- Conference: Ohio Valley Conference
- Record: 3–8 (3–5 OVC)
- Head coach: Kim Dameron (5th season);
- Offensive coordinator: Scott Parr (1st season)
- Defensive coordinator: Cary Fowler (2nd season)
- Home stadium: O'Brien Field

= 2018 Eastern Illinois Panthers football team =

American college football season

The 2018 Eastern Illinois Panthers football team represented Eastern Illinois University as a member of the Ohio Valley Conference (OVC) during the 2018 NCAA Division I FCS football season. Led by Kim Dameron in his fifth and final season as head coach, the Panthers compiled an overall record of 3–8 overall with a mark of 3–5 in conference play, tying for sixth place in the OVC. Eastern Illinois played home games at O'Brien Field in Charleston, Illinois.

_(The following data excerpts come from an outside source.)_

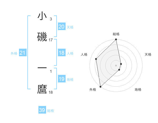 小磯 一麿さんを姓名の画数から五運を鑑定
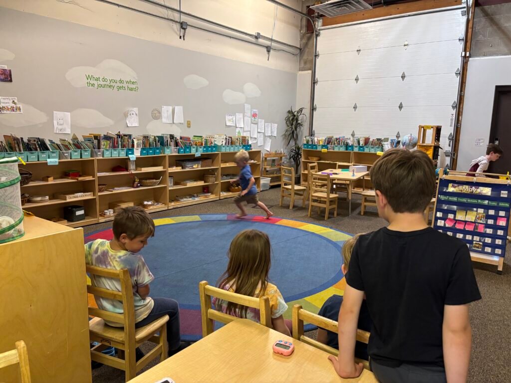 During CHOICE work cycle the learners created a new game. They time each other for 30 seconds and see how many times they can run around the discussion rug. As soon as heroes do the CHOICE work cycle challenge they race for a turn to run around the rug. Currently the record is 10 times around in 30 seconds. Such joy in a simple run!
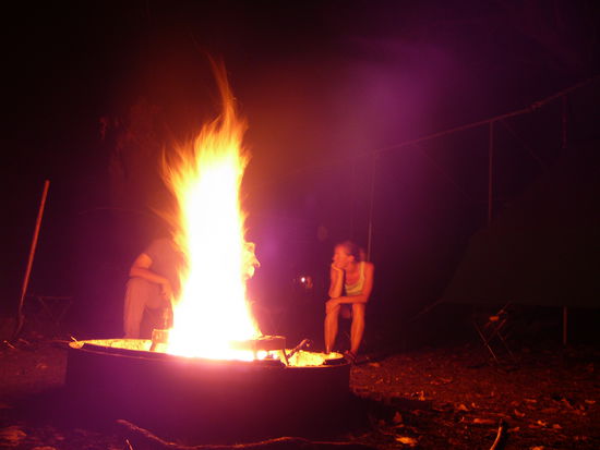 Nach dem Kochen wurde es wieder Zeit um in den Swag zu schlupfen. Nachdem wir zuvor eine nicht grad kleine Spinne gesehen hatten kaempfte Nina erstmal mit allem was rumkroch um sich ein sauberes Nachtlager zu schaffen Doch als sie erstmal lag, schlief sie auch schon. Ganz im Gegenteil zu mir. Ueberall huepfte was anderes rum. Raschelte hier und da - ich konnte einfach nicht schlafen. Dann gings weiter das dauernd was auf meinen Swag fiel viell. auch huepfte(aehnlich wie wenn ein Apfel vom Baum faellt)und wieder runter rollte. Ich glaub da hatte ein Tierchen richtig Spass und ich hab fast die Krise bekommen und somit nicht wirklich viel geschlafen. Um 6Uhr war auch schon wieder die Nacht vorbei.
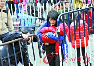 有序进站孩子骑在大人的肩膀上慢慢进站。广州日报记者廖雪明 摄
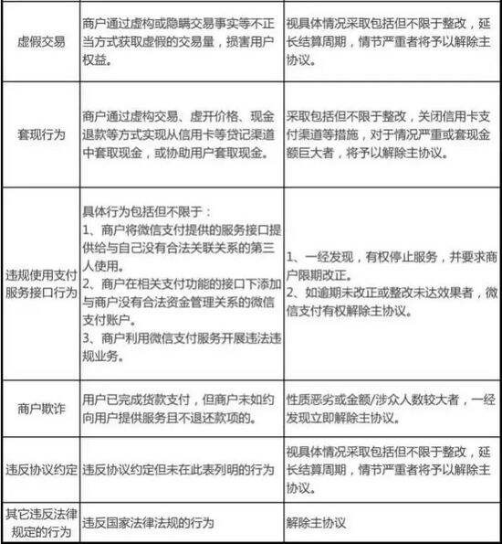 微信支付发布关于违规商户处理规则的公告:
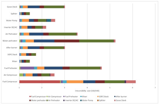 Among the benefits of the theory of exergetic cost is the fact that it allows a clear understanding of the cost formation process through the system. This can be better understood by means of Figure 4, which shows the contribution of the irreversibility generated in the i-th process to the unit cost of th product of the j-th equipment. For example, the unit product cost of the SOFC (1.74 kW/kW) is mostly comprised of the irreversibility contribution from the SOFC itself (13%), the air preheater (11%), the water preheater (7%) and the afterburner (6%), whereas the environment account for as much as 57%. Most importantly, it can be noted that the product of the fuel compressor is the most expensive, in terms of exergy consumption, because most of its contribution is due to its own inefficiency.
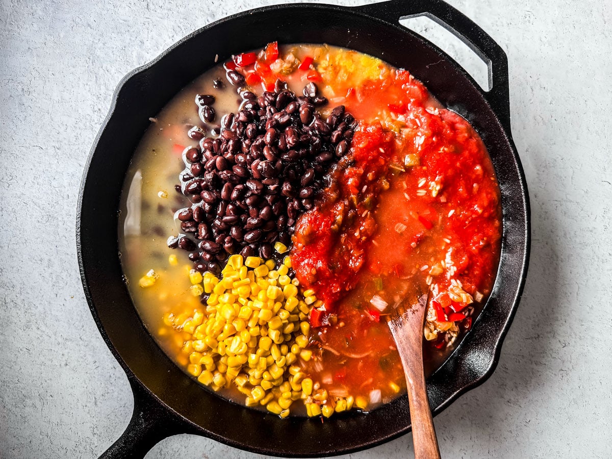 - Add the black beans, corn, chicken stock, and about 3/4 of the salsa (leave a bit to top the chicken in the next step). Give everything a good stir. Bring the liquid to a simmer over medium-low heat, then remove the skillet from the burner.
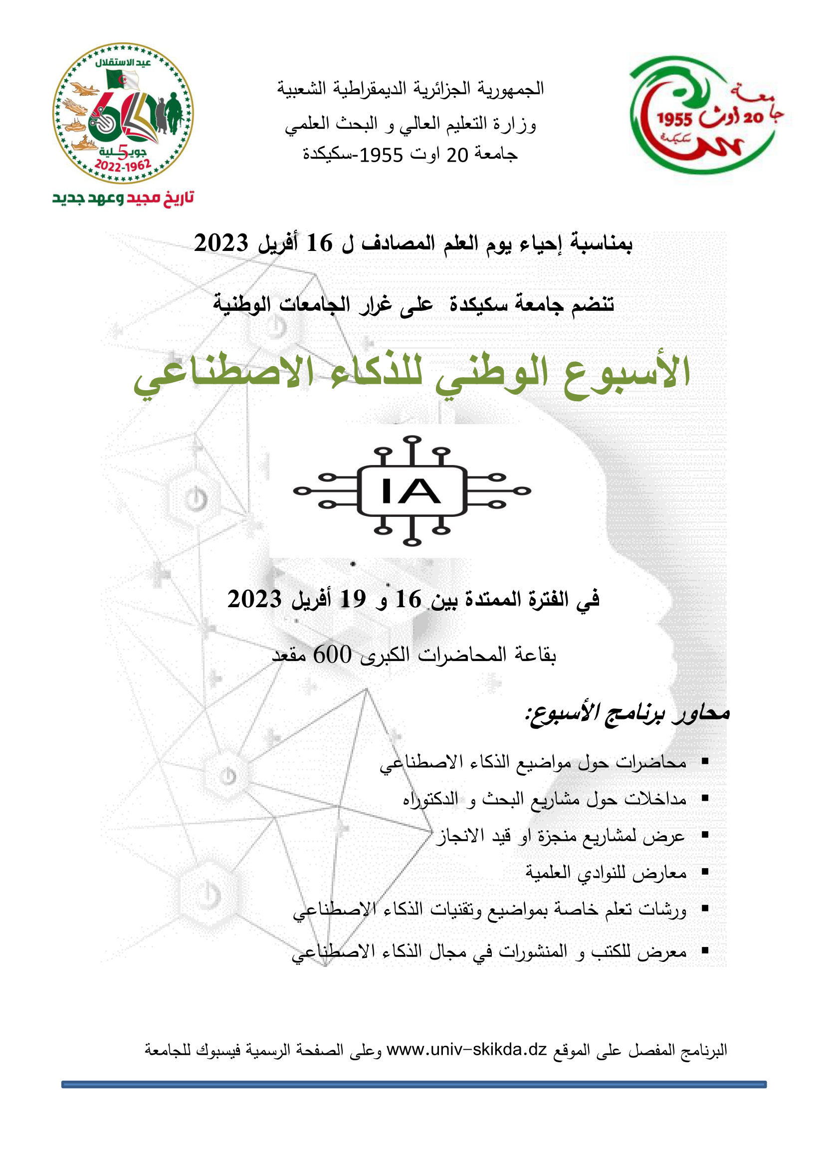 تنظم جامعة 20 أوت 1955 - سكيكدة "أسبوع الذكاء الاصطناعي"، من 16 إلى 19 أفريل 2023، بقاعة المحاضرات الكبرى 600 مقعد. البرنامج سوف ينشر لاحقا. تحميل الإعلان
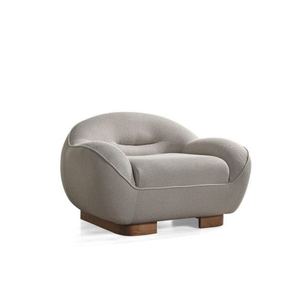 Каркас кресла изготовлен из высококачественной фанеры и массива дерева. В наполнении дивана использованы европейские наполнители. Кресло имеет необычную каплевидную современную форму. Все элементы имеют изящный кантик вместо открытого шва. Дизайнерские ножки выполнены из массива дерева.
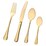 The distinctive hammered finish in a mirror polish and gold titanium coating brings a little sparkle to your table. High quality stainless steel.Casual place setting for six:
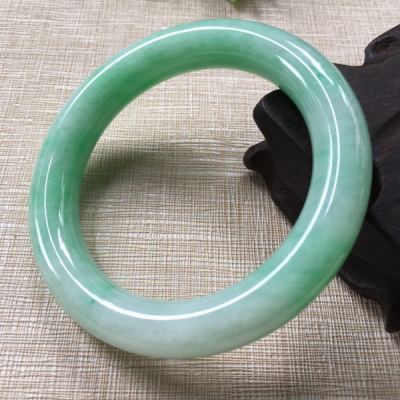 翡翠A货 糯种绿色 57.5圆条正装手镯
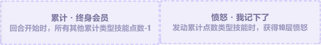 不同的技能在使用方式上也有差别,在技能的右侧方框内显示着技能的启动条件,如果是空白则为无条件,最小和最大意味着其限制了骰子的最小\最大点数;而累计18是需要在当前战斗中放入累计18点的骰子才可以触发,这种累计型的技能会在当前战斗中一直保存进度,直到被使用或者当前敌人死亡才会刷新。
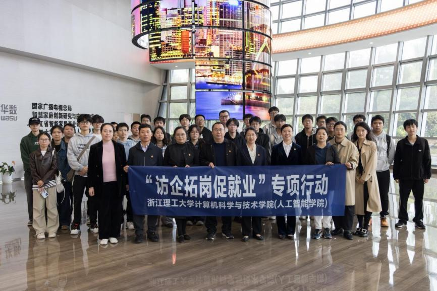为深入加强校企合作,拓宽学生实习与就业渠道,10月30日下午,计算机科学与技术学院(人工智能学院)党政领导班子——党委书记黄黎、副院长潜睿睿、党委副书记朱敏、学术副院长相东明等,携学院学生代表一行赴杭州华数传媒电视网络有限公司开展“访企拓岗”专项行动。杭州华数传媒电视网络有限公司党委副书记沈子强,临平华数党委书记、执行董事、总经理印天石,党委副书记黄兰洁,党委委员胡佳,财务总监李丹,以及“杨雪良工作室”负责人杨雪良和近年入职公司的校友代表热情接待并参与座谈交流。
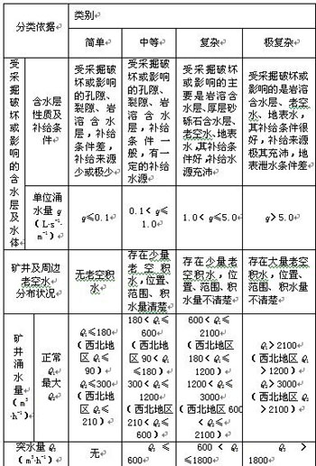 4.按分類依據(jù)就高不就低的原則,確定礦井水文地質(zhì)類型。
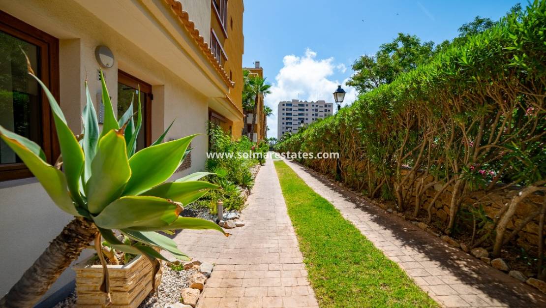Denna bekväma lägenhet med 2 sovrum och 1 badrum ligger i det gated communityt Parque Recoleta i Punta Prima, bara några steg från Medelhavet . Fastigheten har ett mysigt öppet kök och ett vardagsrum med matplats som leder ut till en terrass med utsikt över havet och de gemensamma utrymmena .
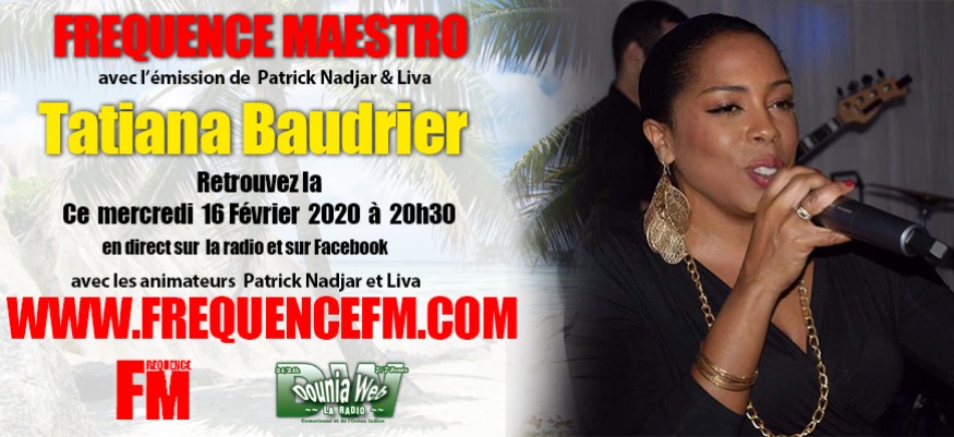 Nadjar Patrick et Liva Marvin vous donnent rendez-vous ce lundi 15 février 2021 à partir de 20h30 sur frequencefm.com, en direct et en Facebook live, avec l'artiste : Tatiana Baudrier. Sans oublier Abou Selia à la technique et animation.

On November 18, Dameron was fired. He finished his tenure at Eastern Illinois with a five-year record of 27–30.

==Preseason==

===OVC media poll===
On July 20, 2018, the media covering the OVC released their preseason poll with the Panthers predicted to finish in fifth place. On July 23, the OVC released their coaches poll with the Panthers predicted to finish in fourth place.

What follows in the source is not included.